### DATA BELOW
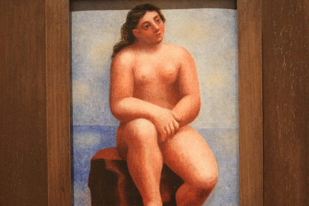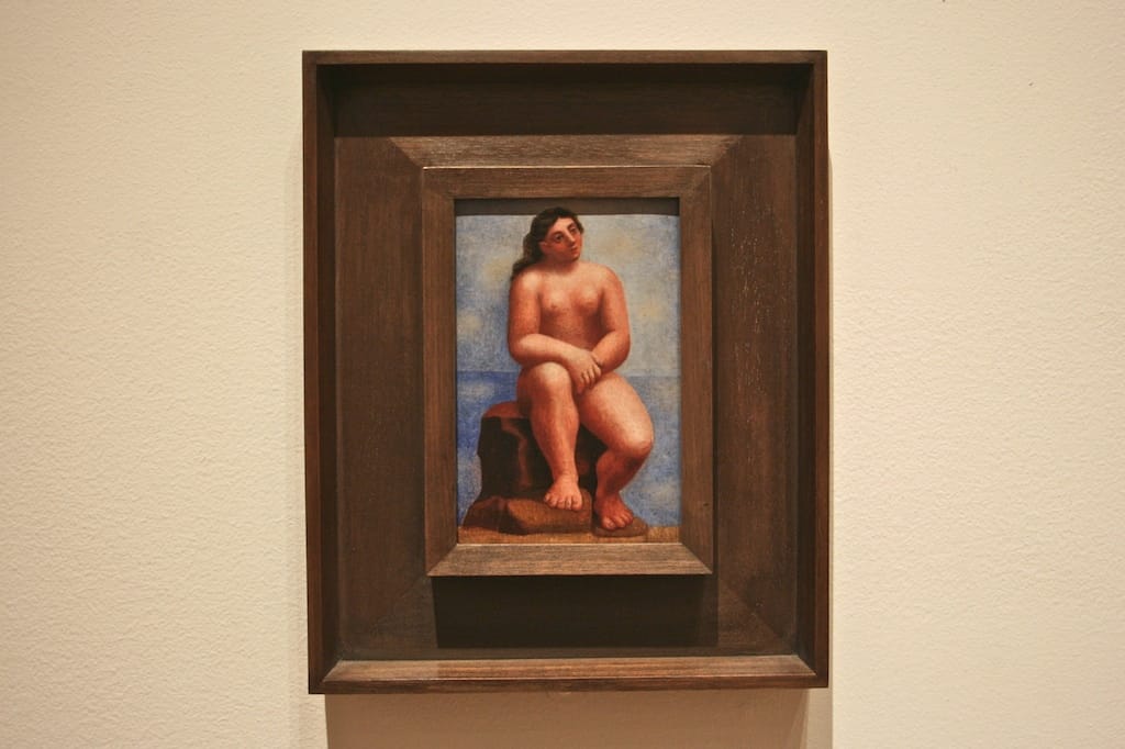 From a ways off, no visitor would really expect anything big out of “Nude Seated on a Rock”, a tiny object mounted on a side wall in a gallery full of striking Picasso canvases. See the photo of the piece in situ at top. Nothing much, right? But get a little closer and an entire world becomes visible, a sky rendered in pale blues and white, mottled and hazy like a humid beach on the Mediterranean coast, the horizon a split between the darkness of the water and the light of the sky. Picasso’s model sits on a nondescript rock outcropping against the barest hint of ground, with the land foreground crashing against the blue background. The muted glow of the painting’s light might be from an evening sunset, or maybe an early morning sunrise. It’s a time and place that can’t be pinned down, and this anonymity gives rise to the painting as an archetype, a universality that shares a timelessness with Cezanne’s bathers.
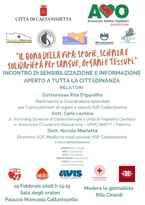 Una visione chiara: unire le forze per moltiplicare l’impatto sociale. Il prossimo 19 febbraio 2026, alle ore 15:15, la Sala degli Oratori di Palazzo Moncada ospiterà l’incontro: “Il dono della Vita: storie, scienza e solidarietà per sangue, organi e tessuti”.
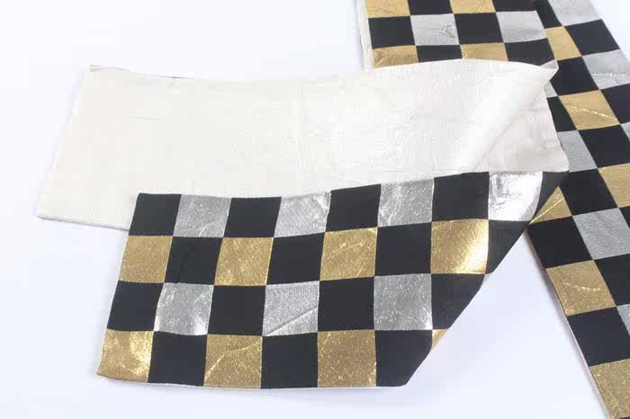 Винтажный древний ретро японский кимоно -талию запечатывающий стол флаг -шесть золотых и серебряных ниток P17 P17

### ASSIGNMENT
Exactly the lines from the line with "Una visione chiara: unire" through the end of the data are to be reproduced, and no picture is to be included.

### YOUR SOLUTION
 Una visione chiara: unire le forze per moltiplicare l’impatto sociale. Il prossimo 19 febbraio 2026, alle ore 15:15, la Sala degli Oratori di Palazzo Moncada ospiterà l’incontro: “Il dono della Vita: storie, scienza e solidarietà per sangue, organi e tessuti”.
 Винтажный древний ретро японский кимоно -талию запечатывающий стол флаг -шесть золотых и серебряных ниток P17 P17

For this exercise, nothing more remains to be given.